Figure 2 — Design principles behind the creation and maintenance of Data Products.

Having established what data products are and what they are supposed to be able to enable, a set of design principles emerges behind successful implementations. They are illustrated in Figure 2 and further explained below:

  1. Autonomy and cohesion: Each data product functions as an autonomous, atomic unit that includes all necessary components such as code for data ingestion, transformation, sample data, unit tests, data quality tests, and infrastructure-as-code for provisioning. It also enforces access policies, ensuring that it remains a self-contained entity outputting a single denormalized dataset.
  2. Common development framework: The central IT department supports domain teams by developing a specification language based on the Open Application Model (OAM) for declarative data product definitions. This allows teams to autonomously create and manage their data products using a shared platform that handles the CI/CD pipeline and capability registry.
  3. Consistent metadata management: To enhance the searchability and interoperability of data products, a uniform cataloging process is established across domains. This includes standard metadata like unique names, descriptions, ownership, data sharing agreements, data classifications, and distribution rights.
  4. Automated governance and access control: Data product teams can specify access policies programmatically using role-based or attribute-based control methods. The platform integrates corporate identity management with data storage solutions, automating the execution of access controls and ensuring secure data distribution.
  5. Data sharing protocols: Data products support various sharing methods, prioritizing native mechanisms of the storage platform for similar producer-consumer environments (e.g., Redshift, Snowflake). When different storage platforms are used, data copying is considered a last resort, with strict adherence to governance and access controls to maintain security.

Types, levels and examples of data products

Having explored key characteristics of and recommended design principles behind data products, let’s consider that not all are created equal. Data products exist in different shapes and types, which is sometimes what complicates the concept in people’s eyes as to what they are and what they are not.

Data products may live in different “stages.” Sometimes, these are referred to as a medallion architecture, where a data product can be promoted from bronze, to silver, to gold.

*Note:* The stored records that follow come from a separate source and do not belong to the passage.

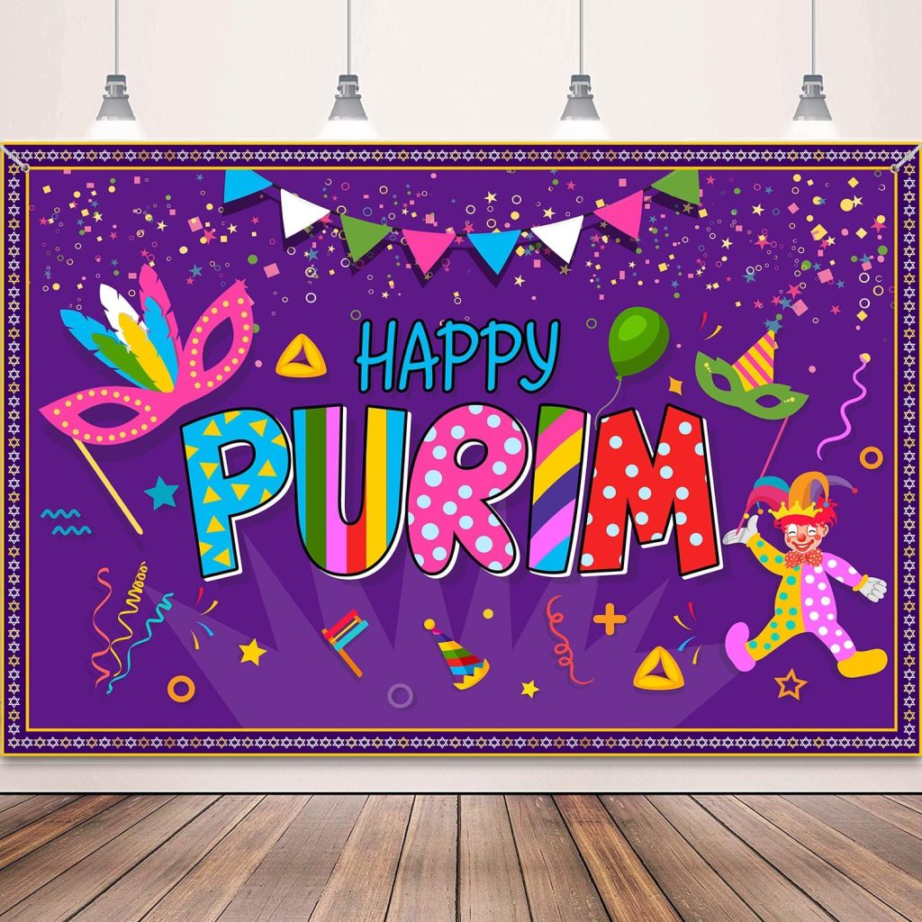 Purim Decorations Happy Purim Banner, Backdrop for Photography 5×3Ft Jewish Purim Party Background Decorations Carnival Banner for Purim Day
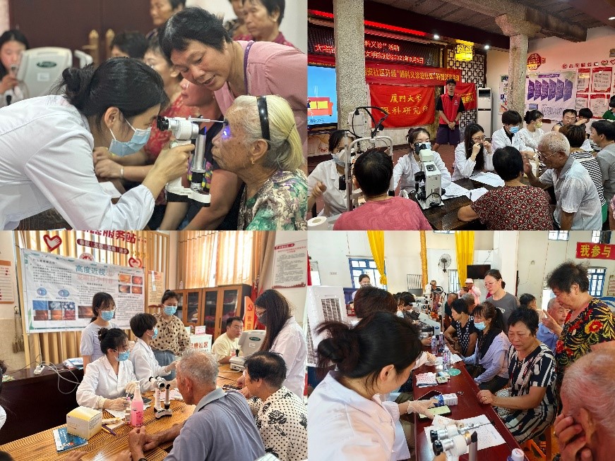 2023年8月4日到8月6日,由OD网页版眼科研究所教工党支部、研究生党支部及眼科所师生组成的“eye眼”实践队和“睛彩视界”实践队分别在厦门市翔安区吕塘社区、大宅社区和东园社区开展了眼科科普义诊活动,共有两百余名居民参加了义诊活动并接受了眼病检查。
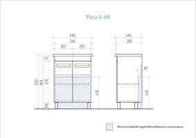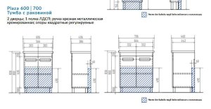 2 дверцы; 1 полка ЛДСП; ручка врезная металлическая хромированная, опоры квадратные регулируемые.

Such classifications are perfectly in line with the one we’ll maintain for the purposes of this point of view, as presented in Figure 3. We’ve defined 4 subsequent levels:

  • Level 1 — Raw/Staged data: This initial level involves raw data from various sources, which is standardized and subjected to basic quality controls such as format standardization and null checks. It also includes the addition of audit columns like load ID and date, maintaining a comprehensive history by each load date to track data lineage.
  • Level 2 — Conformed data: At this level, raw data is processed and transformed into a normalized dimensional data model. This stage consolidates historical data and ensures data integrity and consistency through rigorous normalization and confirmation processes, facilitating easier access and analysis.
  • Level 3 — Analytics-ready data: Data at this stage is cross-functional, integrated with master identifiers, and organized into denormalized, flat datasets. This level focuses on ensuring data consistency across different subject areas, integrating common business rules, and precalculating key performance indicators (KPIs) to support analytics.
  • Level 4 — Fit for purpose data: The most refined level, designed to meet specific needs of consuming applications, often customized for particular business functions like marketing analytics, patient analytics, and return on investment (ROI) calculations in industries such as pharmaceuticals. This data is tailored to drive specific business actions and decisions.
Figure 3 — Subsequent levels of data products, increasingly tailored to meet specific business needs.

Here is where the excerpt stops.